The Independent Petroleum Marketers Association of Nigeria (IPMAN) says it doesn’t make sense for the Nigerian National Petroleum Company Limited (NNPCL) to sell petrol lifted from the Dangote Refinery higher than imported ones.

IPMAN National Welfare Officer John Kekeocha stated this on Channels Television’s The Morning Brief breakfast programme yesterday.

“If NNPC can sell Dangote products higher than imported ones, it doesn’t make sense. What celebration are we having all these years?” he queried.

The NNPCL loaded the first batch of petrol from the Dangote Refinery on Sunday, saying it got N898 per litre from the private refinery.

Before lifting petrol from the Dangote Refinery on Sunday, NNPCL retail outlets in Lagos sold petrol for around N855, but they said a litre of Dangote petrol now sells for N950 per litre in Lagos and N1,019 in Borno.

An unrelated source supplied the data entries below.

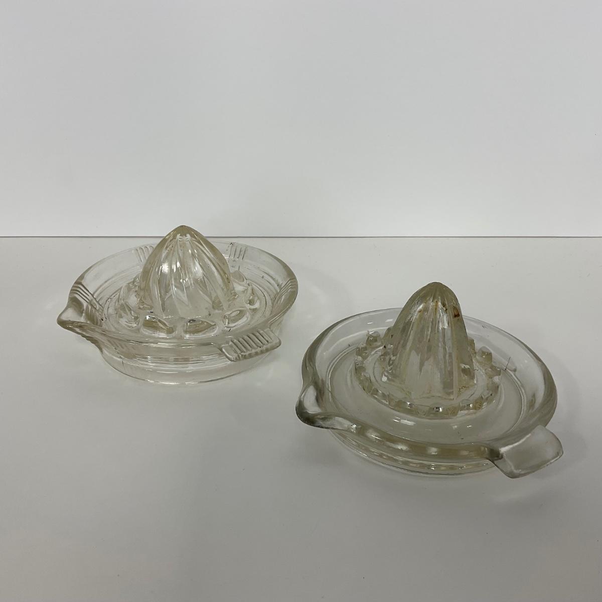 Two Criss Cross Hazel Atlas Glass Co. (1930’s-1950’s) reamers, both do have damage. Please see photos for details and condition. ::: Shipping is available on this lot. If you require shipping you must let us know at the close of the auction. We will coordinate with you after the item has been won. Shipping fees will include insurance up to or exceeding the value of all items being mailed. If you have any questions regarding this lot please contact the auctioneer either via this website, by direct email or by phone. PICK UP TIMES and other important information can be found in the TERMS and DESCRIPTION of the auction. Please take a look for pertinent information. Thanks!
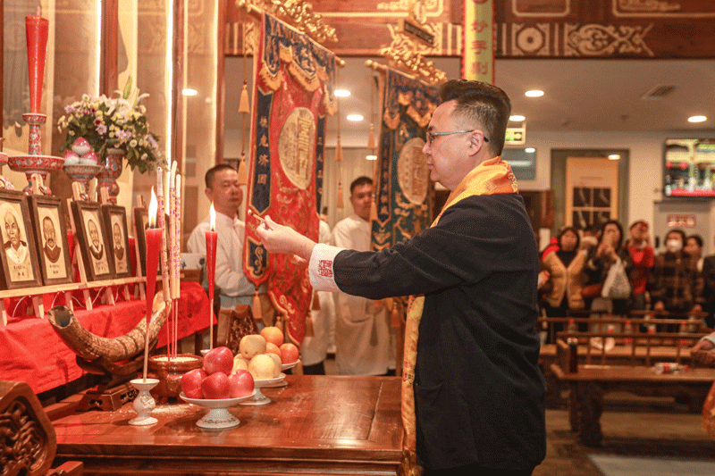 大典包括:祭祖、敬师、拜门弟子入门、武术表演四个环节。
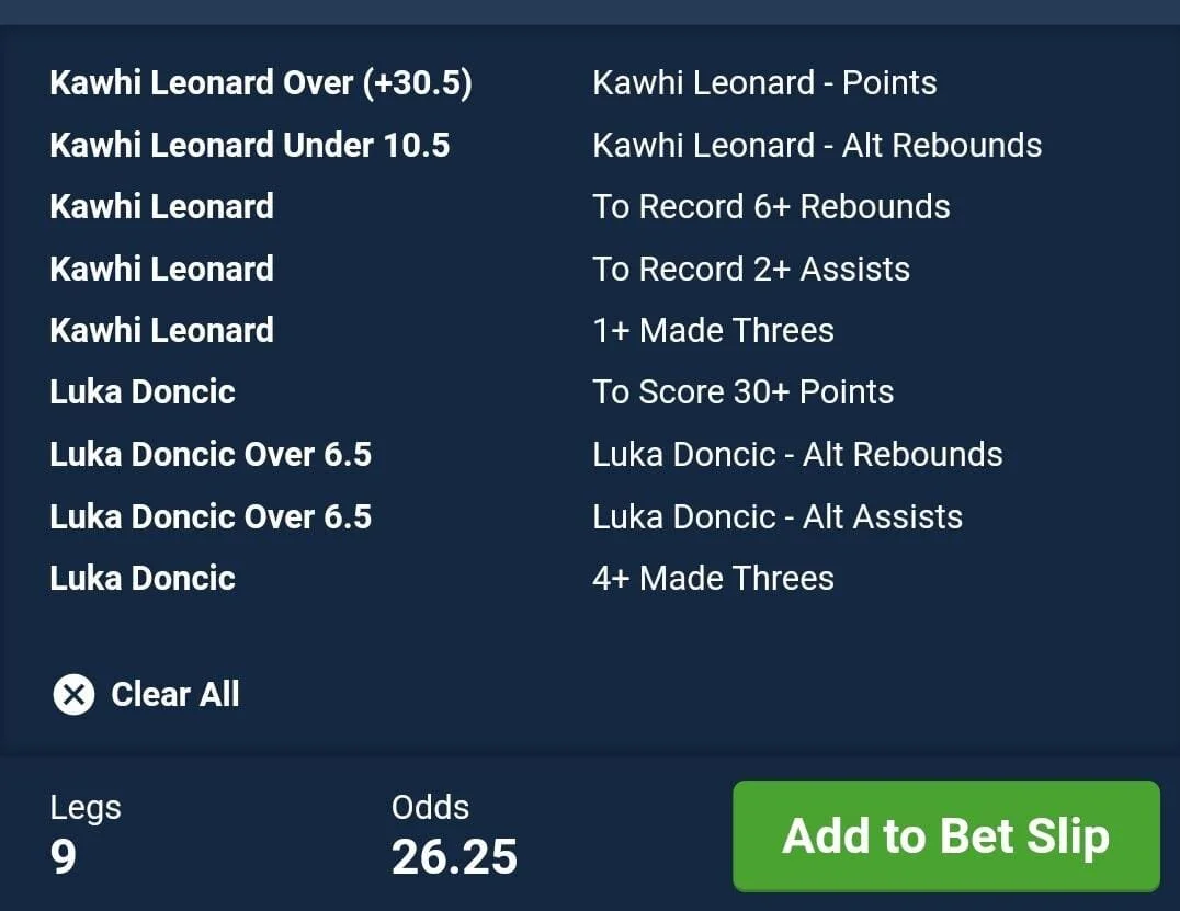 Kawhi x Luka 1 unit. Take odds over $11.5, Best Book Sportsbet
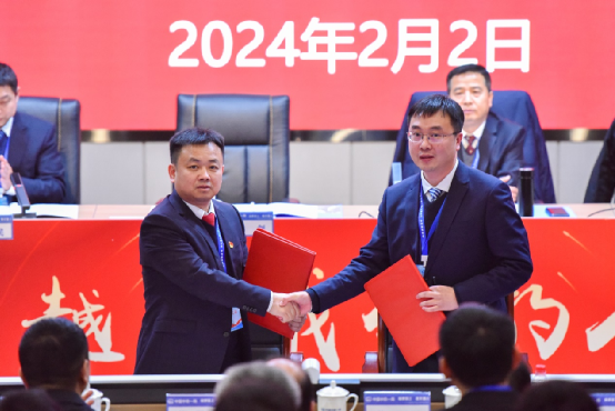 在第三次全體會議上,宣布了“兩委會”當選人名單、“兩委會”第一次全體會議主持人名單;總監(jiān)票人報告了票決、測評結果。張劍代表企業(yè)方、樊嘉棟代表職工方,共同簽訂了公司《2024年集體合同》。
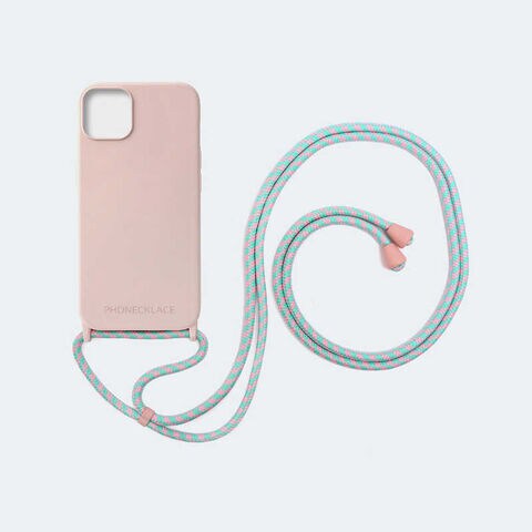 ROA iPhone 15 Pro(6.1インチ) ストラップホール付キシリコンケース+Rope Strap PHONECKLACE パウダーピンク PN25671i15
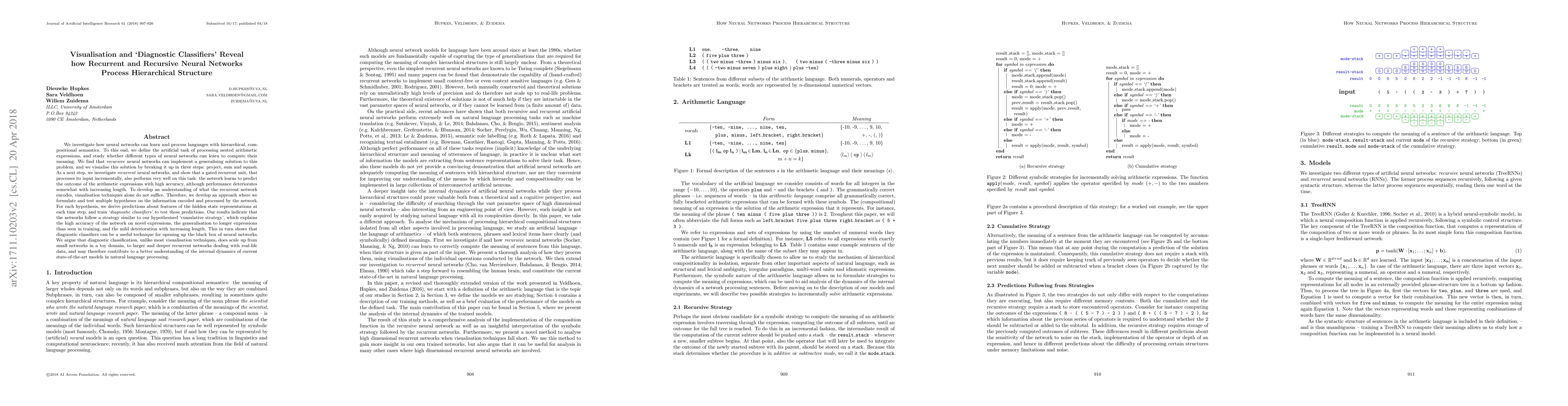 This paper explores how different neural networks process hierarchical structures by examining their performance on nested arithmetic expressions. It finds that recursive networks and gated recurrent units both effectively solve the task, but diagnostic classifiers are necessary to understand the recurrent network's internal encoding, revealing a cumulative strategy that aids in generalization and performance.
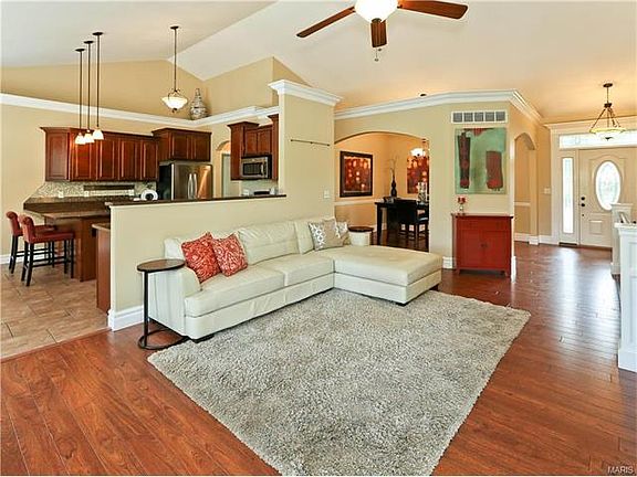 Awesome quality built Turner home with so many extras! Gorgeous 5 BEDROOM/3 FULL BATH with WALK OUT FINISHED BASEMENT AND THREE CAR GARAGE. Entry foyer opens to very open floor plan featuring a spacious living room with GAS FIREPLACE, WALL OF WINDOWS, vaulted ceiling and hardwood flooring. Formal dining room features crown molding and arched entry ways. You will love the kitchen with CUSTOM CABINETS, GRANITE COUNTER TOPS, STAINLESS APPLIANCES AND TILE BACKSPLASH! Breakfast area has wall of windows overlooking private back yard. Master suite features large bedroom with trey ceiling, Master bath with SEPARATE SHOWER, WHIRLPOOL TUB AND DUAL BOWL VANITY. SPLIT BEDROOM FLOOR PLAN. Bedrooms 2/3 are separated by the 2nd full bathroom. Lower level walk out is finished with large family room, awesome WET BAR area and Bedrooms 4 and 5. Third full bath is in the lower level for pool and bedroom convenience. LARGE DECK AND COVERED PATIO overlook the fabulous back yard with INGROUND SWIMMING POOL!
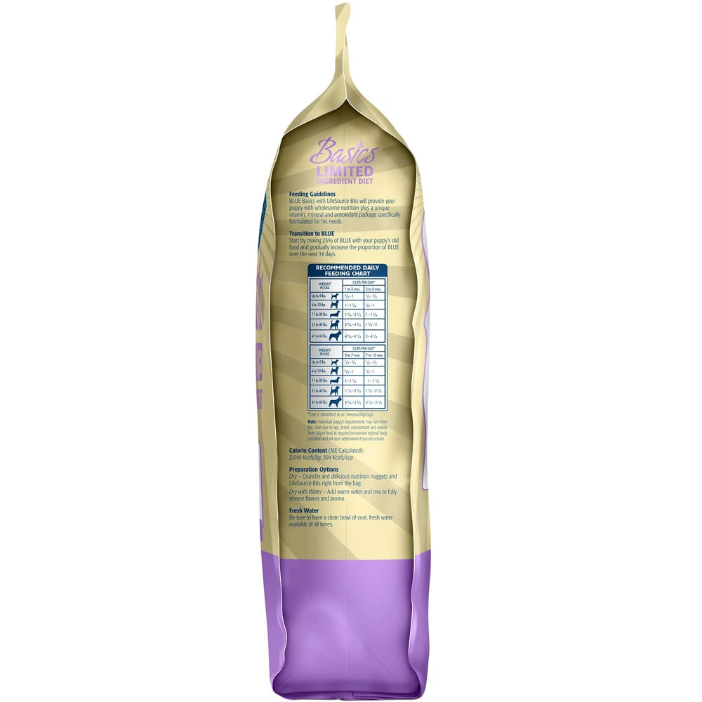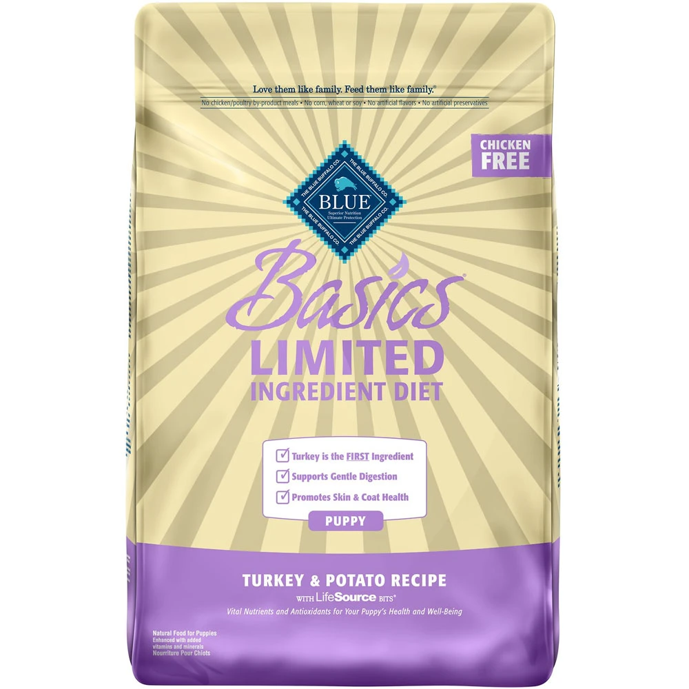 Blue Buffalo’s Basics Limited Ingredient Diet Turkey & Potato Recipe is a delicious, limited-ingredient diet made with fewer ingredients for puppies with food sensitivities. This recipe contains DHA to support your little one’s growth and development and features a single animal protein source with real turkey first, along with pumpkin and easily digested carbohydrates like potatoes and peas. It’s also crafted with BLUE’s exclusive LifeSource Bits a combination of selected antioxidants, minerals and vitamins picked by veterinarians and animal nutritionists to support your pup’s overall health and wellness. Now your paw-tner really has something to wag his tail about!
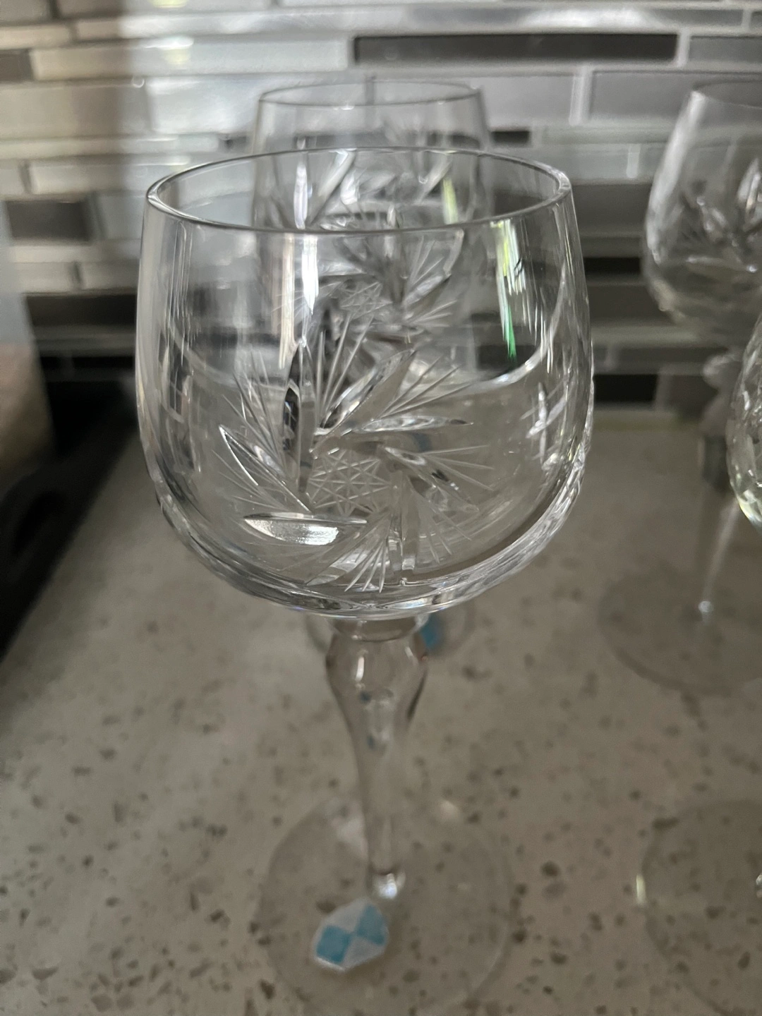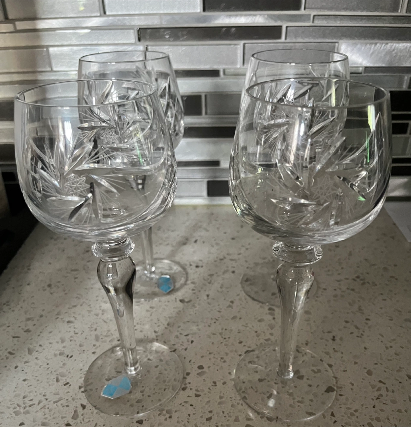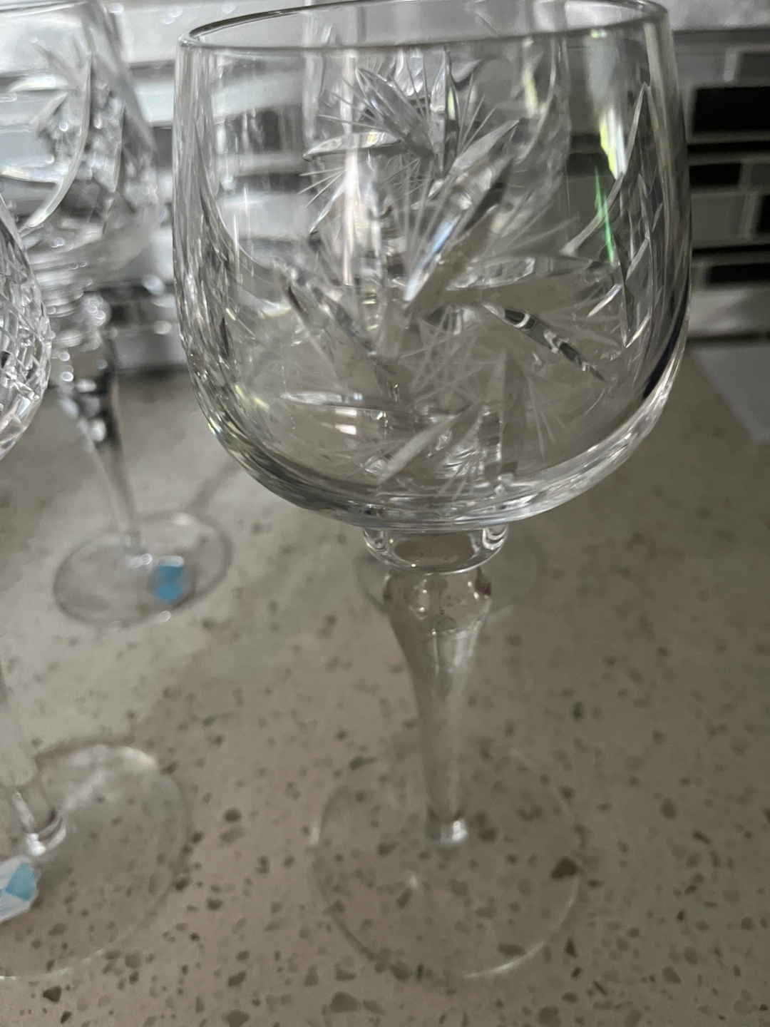 Selling a set of four elegant crystal wine glasses! They feature a beautiful starburst pattern and a slender stem, perfect for adding a touch of sophistication to any occasion. They're in great condition and ready to be enjoyed
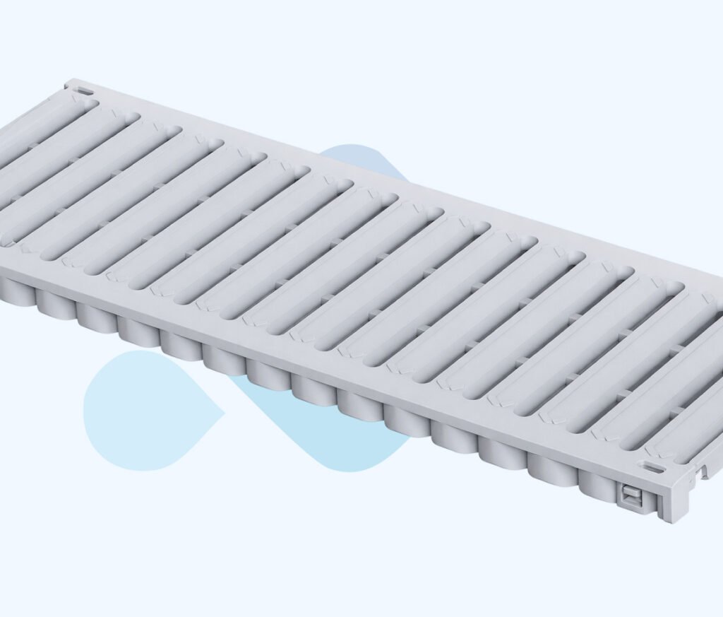 200×500 mm plastik ızgara, drenaj kanallarıyla uyumlu yapıdadır ve yüzey suyunun kontrollü şekilde tahliyesini sağlar.
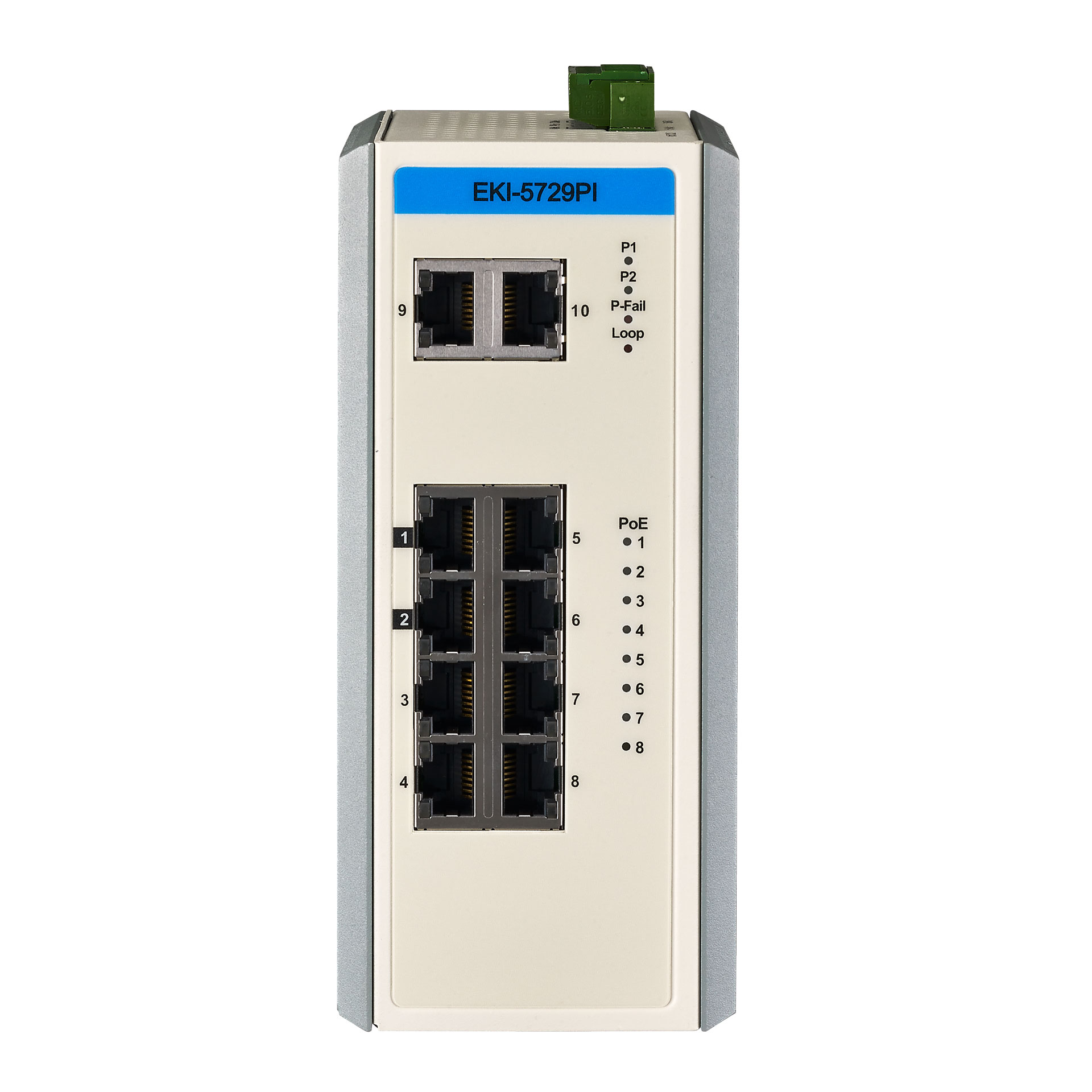 Der Unmanaged PoE Ethernet Switch EKI-5729PI verfügt über zehn 10/100/1000BASE-T/TX Ethernet Ports.
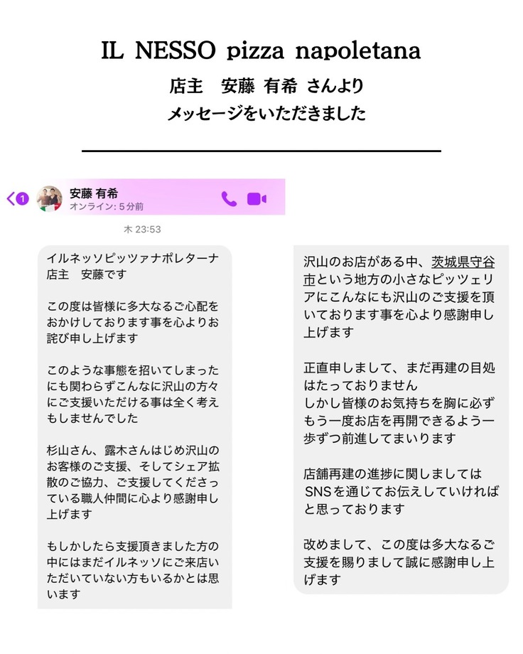 店主の安藤有希さんよりご支援下さった皆様へのメッセージが届きました。
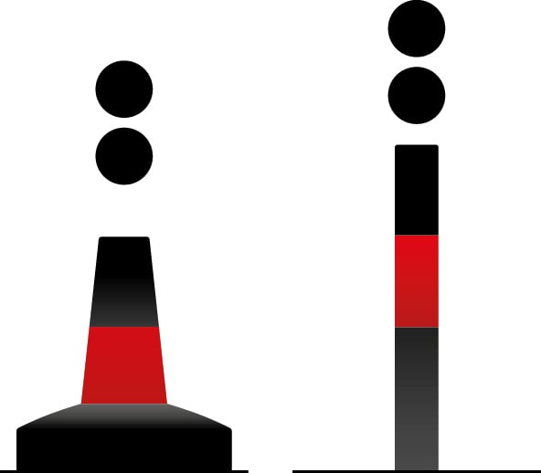 These marks are easy to understand as they’re always placed or moored above an isolated danger that has navigable water all around it.They don’t have a distinctive shape but are usually a pillar or spar, and will always be black with one or more horizontal red bands and a top mark of two vertical black spheres.
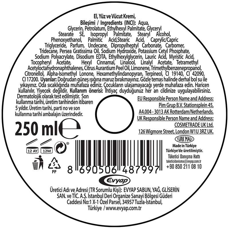 Evyap Sabun Yağ Gliserin San. ve Tic. A.Ş.İstanbul Deri Organize Sanayi Bölgesi Güderi Cad. No:1 X-1 Parsel 34957Tuzla/İstanbulinfo@evyap.com.tr

However, Dangote Refinery denied selling petrol to the NNPCL at N898. In a statement late Sunday, spokesman Anthony Chiejina described the NNPCL’s claim as “misleading and mischievous.”

“It should also be noted that we sold the products to NNPCL in dollars with much savings against what they are currently importing. With this action, there will be petrol in every local government area of the country regardless of their remote nature,” Chiejina said.

NNPCL insisted that it got petrol from Dangote Refinery at N898 per litre and challenged the latter to release the price it sold petrol at. The NNPCL further released a breakdown of pricing it sells Dangote petrol at its filling stations nationwide.

Last December, Dangote, Africa’s leading industrialist, commenced operations at his $20bn facility in Lagos, which can handle 350,000 barrels daily.

Initially bogged by regulatory battles, the refinery hopes to achieve its total capacity of 650,000 barrels per day by the end of the year.

The refinery began supplying diesel and aviation fuel to country marketers and now supplies petrol.

Nigeria, Africa’s most populous nation, faces energy challenges. All its state-owned refineries are non-operational. The country relies heavily on imported refined petroleum products, with the state-run NNPC being the major importer of essential commodities.

Fuel queues are commonplace in the country. Since removing the subsidy in May 2023, petrol prices have tripled from around ₦200/liter to over ₦1000/liter, compounding the woes of the citizens who power their vehicles and generate sets with petrol, no thanks to decades-long epileptic electricity supply.